There have been 90 IPO functions pending itemizing or beneath processing as of Nov. 29 based on the change’s web site.
Whereas the town might even see a extra energetic IPO pipeline in 2025, it’s prone to be a “gradual restoration” quite than a “V-shaped” one, mentioned John Lee, vice chairman and co-head of Asia nation protection at UBS international banking Asia.
To date this 12 months, mainland buyers have purchased $96.4 billion value of Hong Kong shares, surpassing final 12 months’s whole of $42 billion and heading in the direction of the largest 12 months since a $87 billion shopping for spree in 2020, based on information from Goldman Sachs.
“There’s additionally a return of international long-only [funds] to China [and] Hong Kong equities, although the tempo is gradual,” mentioned Perris Lee, head of APAC fairness capital market at Ion Analytics.
‘Not a Santa rally’
Not all new listed shares have traded properly.
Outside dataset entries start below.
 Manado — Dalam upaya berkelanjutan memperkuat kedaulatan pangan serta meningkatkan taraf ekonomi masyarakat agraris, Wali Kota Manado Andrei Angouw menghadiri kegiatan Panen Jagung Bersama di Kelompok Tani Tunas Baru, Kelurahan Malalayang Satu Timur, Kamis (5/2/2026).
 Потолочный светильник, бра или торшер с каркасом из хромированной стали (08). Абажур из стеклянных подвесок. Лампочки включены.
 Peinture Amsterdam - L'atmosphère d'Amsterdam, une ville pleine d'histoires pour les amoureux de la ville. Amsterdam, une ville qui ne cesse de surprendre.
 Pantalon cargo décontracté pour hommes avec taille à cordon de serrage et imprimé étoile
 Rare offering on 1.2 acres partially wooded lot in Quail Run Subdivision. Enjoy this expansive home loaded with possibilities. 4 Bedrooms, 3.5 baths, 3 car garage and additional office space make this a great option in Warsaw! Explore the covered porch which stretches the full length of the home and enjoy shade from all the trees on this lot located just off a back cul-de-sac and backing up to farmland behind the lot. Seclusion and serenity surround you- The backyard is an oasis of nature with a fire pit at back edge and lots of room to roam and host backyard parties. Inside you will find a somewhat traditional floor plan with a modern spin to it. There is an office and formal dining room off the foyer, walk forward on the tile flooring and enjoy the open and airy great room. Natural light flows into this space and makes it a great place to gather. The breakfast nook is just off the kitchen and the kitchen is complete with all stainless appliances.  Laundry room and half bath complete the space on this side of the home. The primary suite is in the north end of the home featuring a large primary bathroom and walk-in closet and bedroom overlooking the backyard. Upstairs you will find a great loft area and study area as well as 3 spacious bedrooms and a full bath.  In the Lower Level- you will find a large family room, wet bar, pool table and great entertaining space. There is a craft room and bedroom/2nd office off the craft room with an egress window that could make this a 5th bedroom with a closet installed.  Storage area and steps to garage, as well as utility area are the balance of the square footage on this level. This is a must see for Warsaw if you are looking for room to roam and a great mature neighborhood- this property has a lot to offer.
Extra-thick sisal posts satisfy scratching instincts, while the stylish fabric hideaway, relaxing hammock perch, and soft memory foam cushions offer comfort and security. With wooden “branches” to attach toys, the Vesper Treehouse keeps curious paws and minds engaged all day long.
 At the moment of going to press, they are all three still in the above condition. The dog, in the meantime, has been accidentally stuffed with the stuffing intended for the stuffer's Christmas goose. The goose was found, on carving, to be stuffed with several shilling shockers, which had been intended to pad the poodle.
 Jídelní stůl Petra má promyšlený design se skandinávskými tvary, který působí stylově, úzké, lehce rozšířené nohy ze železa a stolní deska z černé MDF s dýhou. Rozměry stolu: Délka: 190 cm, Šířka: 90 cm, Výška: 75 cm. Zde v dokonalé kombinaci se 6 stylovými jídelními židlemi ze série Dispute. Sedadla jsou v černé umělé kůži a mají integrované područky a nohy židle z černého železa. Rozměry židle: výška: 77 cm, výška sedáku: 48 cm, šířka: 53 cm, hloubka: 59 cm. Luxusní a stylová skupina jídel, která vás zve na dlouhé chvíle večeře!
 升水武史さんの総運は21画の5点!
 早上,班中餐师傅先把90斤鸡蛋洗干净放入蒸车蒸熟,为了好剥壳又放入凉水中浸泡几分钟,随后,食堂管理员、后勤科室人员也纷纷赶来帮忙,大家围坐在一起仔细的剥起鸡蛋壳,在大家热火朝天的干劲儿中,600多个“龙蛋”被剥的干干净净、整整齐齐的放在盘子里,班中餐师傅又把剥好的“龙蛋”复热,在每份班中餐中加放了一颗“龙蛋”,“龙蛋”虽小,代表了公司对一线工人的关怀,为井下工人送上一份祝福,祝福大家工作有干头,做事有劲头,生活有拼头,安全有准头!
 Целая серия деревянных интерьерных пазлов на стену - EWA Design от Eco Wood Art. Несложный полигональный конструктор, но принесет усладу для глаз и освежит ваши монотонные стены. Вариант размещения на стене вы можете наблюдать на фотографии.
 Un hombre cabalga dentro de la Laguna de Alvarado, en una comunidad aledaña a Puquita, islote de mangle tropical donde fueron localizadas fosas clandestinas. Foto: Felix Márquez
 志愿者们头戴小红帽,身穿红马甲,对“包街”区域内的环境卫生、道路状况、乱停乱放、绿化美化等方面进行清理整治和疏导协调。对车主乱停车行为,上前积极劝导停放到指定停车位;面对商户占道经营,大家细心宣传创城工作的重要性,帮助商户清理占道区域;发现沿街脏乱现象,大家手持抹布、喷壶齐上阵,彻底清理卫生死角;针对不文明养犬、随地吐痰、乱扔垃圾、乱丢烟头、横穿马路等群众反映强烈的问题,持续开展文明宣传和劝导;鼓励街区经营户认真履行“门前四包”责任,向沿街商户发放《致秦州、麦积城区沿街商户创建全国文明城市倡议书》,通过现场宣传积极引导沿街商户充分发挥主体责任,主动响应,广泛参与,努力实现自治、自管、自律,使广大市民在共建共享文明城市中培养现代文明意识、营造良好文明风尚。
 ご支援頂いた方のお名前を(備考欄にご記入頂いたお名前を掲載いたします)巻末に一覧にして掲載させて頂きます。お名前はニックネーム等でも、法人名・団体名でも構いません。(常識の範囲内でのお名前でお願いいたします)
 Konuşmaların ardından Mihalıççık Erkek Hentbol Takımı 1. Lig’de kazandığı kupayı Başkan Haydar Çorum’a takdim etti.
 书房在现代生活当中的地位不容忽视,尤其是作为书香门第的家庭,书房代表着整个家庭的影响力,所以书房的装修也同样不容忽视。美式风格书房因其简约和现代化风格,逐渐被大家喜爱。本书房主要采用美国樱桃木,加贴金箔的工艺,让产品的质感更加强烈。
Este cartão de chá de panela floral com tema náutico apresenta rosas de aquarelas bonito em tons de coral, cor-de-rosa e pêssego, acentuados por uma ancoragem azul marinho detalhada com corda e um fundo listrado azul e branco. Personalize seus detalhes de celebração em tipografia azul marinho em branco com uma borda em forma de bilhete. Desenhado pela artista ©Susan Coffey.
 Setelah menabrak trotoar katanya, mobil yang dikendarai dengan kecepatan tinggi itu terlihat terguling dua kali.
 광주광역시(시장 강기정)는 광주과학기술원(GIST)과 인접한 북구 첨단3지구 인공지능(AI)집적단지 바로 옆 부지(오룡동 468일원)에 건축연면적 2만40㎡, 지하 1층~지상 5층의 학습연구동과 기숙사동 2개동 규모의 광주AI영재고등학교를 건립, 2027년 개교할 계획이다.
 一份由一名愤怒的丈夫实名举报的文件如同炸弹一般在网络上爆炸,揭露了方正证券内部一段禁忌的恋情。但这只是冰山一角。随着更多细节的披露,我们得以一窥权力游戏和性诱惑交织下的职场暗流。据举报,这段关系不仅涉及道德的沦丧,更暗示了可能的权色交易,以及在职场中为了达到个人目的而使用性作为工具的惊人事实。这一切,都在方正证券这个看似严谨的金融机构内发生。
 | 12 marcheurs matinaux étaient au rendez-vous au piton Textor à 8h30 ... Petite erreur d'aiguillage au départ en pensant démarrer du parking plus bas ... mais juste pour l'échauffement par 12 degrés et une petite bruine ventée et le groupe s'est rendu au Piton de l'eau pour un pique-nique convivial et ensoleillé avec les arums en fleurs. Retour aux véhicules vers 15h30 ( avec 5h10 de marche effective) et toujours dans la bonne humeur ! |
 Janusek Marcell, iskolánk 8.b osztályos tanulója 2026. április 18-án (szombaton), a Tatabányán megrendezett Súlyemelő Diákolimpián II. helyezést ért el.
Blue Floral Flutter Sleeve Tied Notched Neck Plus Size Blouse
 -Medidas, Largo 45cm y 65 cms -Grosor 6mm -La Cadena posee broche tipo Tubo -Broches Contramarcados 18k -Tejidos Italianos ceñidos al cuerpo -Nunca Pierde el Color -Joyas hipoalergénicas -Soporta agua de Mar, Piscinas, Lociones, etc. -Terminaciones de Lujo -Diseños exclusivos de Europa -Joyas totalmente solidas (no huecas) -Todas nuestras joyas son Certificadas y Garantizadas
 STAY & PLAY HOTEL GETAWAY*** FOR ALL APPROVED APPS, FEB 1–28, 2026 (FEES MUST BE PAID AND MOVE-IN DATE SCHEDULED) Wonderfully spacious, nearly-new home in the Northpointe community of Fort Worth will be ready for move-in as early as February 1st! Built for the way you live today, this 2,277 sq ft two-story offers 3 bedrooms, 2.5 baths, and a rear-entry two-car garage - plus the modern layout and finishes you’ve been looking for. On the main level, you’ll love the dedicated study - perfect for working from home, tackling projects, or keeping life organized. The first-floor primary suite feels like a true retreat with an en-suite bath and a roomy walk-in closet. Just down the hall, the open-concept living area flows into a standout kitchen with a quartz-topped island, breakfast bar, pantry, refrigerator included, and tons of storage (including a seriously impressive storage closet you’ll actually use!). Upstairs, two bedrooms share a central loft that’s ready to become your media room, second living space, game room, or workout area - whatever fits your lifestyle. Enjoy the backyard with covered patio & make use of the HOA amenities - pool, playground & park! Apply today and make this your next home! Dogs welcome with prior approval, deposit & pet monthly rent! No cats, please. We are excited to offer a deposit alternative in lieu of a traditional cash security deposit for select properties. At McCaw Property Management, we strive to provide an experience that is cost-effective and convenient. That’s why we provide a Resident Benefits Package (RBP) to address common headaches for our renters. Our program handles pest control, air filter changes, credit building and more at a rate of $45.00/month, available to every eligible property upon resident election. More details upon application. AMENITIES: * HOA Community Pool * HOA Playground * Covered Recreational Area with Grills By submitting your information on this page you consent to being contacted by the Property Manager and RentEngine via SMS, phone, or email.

Chinese language autonomous driving agency Horizon Robotics and bottled water maker China Sources Beverage —the 2 largest IPO offers within the metropolis this 12 months — noticed their shares decline by 12% and 11%, respectively, as of Wednesday from supply value ranges.
Traders must see “concrete proof of stimulus coverage effectiveness”, Shanghai Chongyang’s Wang mentioned. He expects some enchancment in sentiment early into the second quarter subsequent 12 months when the general public corporations begin releasing earnings.
The benchmark Cling Seng Index is heading for its first annual achieve after 4 straight years of declines, surging over 16% to this point this 12 months.
Cling Seng Index
That mentioned, the rally, fueled by Beijing’s huge stimulus package deal in late September has misplaced a few of its momentum.
Wanting forward, China Renaissance’s Maynard mentioned that whereas the Hong Kong inventory market could have turned the nook, he didn’t see “any prospect of a Santa rally.” The market remained “trapped and range-bound” as Beijing’s stimulus bulletins since September have underwhelmed.